On the device kernel a for loop is run, where the order list is went through sequentially and the kernel from the list is called.
How to specify, which functions to call?
The function pointers in the list can be created on the CPU like the following code: https://leimao.github.io/blog/Pass-Function-Pointers-to-Kernels-CUDA/ (not sure, if it works in Python).
Or regardless of host programming language a separate kernel can create a translation table: device function pointers (assign_kernel). Then the list from Python would contain indices into this table.
Solution 3: Dynamic Parallelism (parallel)
With Dynamic Parallelism kernels themselves start other kernels (grids).
https://developer.nvidia.com/blog/cuda-dynamic-parallelism-api-principles/
https://docs.nvidia.com/cuda/cuda-c-programming-guide/index.html#cuda-dynamic-parallelism
There is a maximum depth of 24.
The state of the parent grid could be swapped to memory (which could take a maximum of 860 MB per level, probably not for your program). But this could be a limitation.
All this swapping could make the parallel version slower again.
But the advantage would be that nodes can really be run in parallel.
Solution 4: Use Cuda Streams and Events (parallel)
Each kernel just calls one function. The synchronization and scheduling is done from Python. But the kernels run asynchronously and call a callback as soon as they are finished. Each kernel running in parallel has to be run on a separate stream.
Optimization: You can use the CUDA graph API, with which CUDA learns the order of the kernels and can do additional optimizations, when replaying (with possibly other float input data, but the same graph).
For all methods
You can try different launch configurations from 32 or better 64 threads per block up to 1024 threads per block.
Let's assume that most, or all, of your chunks of data are large; and that you have many distinct functions. If the former does not hold it's not clear you will even benefit from having them on a GPU in the first place. Let's also assume that the functions are black boxes to you, and you don't have the ability to identify fine-graines dependencies between individual values in your different buffers, with simple, local dependency functions.
Given these assumptions - your workload is basically the typical case of GPU work, which CUDA (and OpenCL) have catered for since their inception.

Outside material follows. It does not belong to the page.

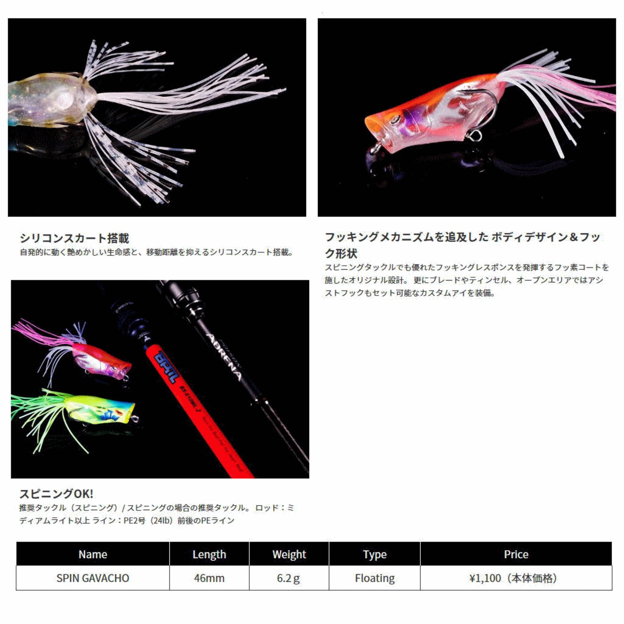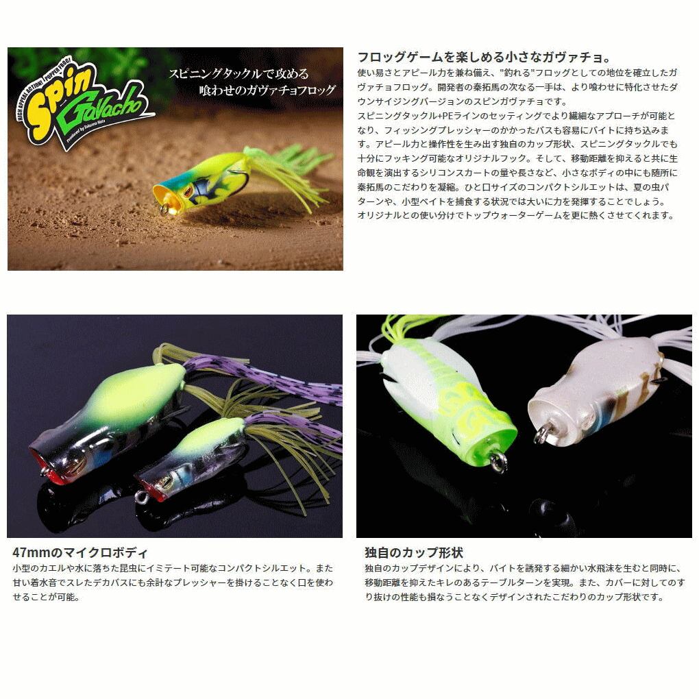 使い易さとアピール力を兼ね備え、"釣れる"フロッグとしての地位を確立したガヴァチョフロッグと、より喰わせに特化させたダウンサイジングモデルのスピンガヴァチョをラインナップ。ヘビーカバーのパワーフィッシングから虫パターンを意識したパワーフィネスゲームまでをカバーします。

Traditional plain-vanilla approach
You define multiple streams (queues) of tasks; you schedule kernels on these streams for your various functions; and schedule event-fires and event-waits corresponding to your function's inter-dependency (or the buffer processing dependency). The event-waits before kernel launches ensure no buffer is processed until all preconditions have been satisfied. Then you have different CPU threads wait/synchronize with these streams, to get your work going.
Now, as far as the CUDA APIs go - this is bread-and-butter stuff. If you've read the CUDA Programming Guide, or at least the basic sections of it, you know how to do this. You could avail yourself of convenience libraries, like my API wrapper library, or if your workload fits, a higher-level offering such as NVIDIA Thrust might be more appropriate.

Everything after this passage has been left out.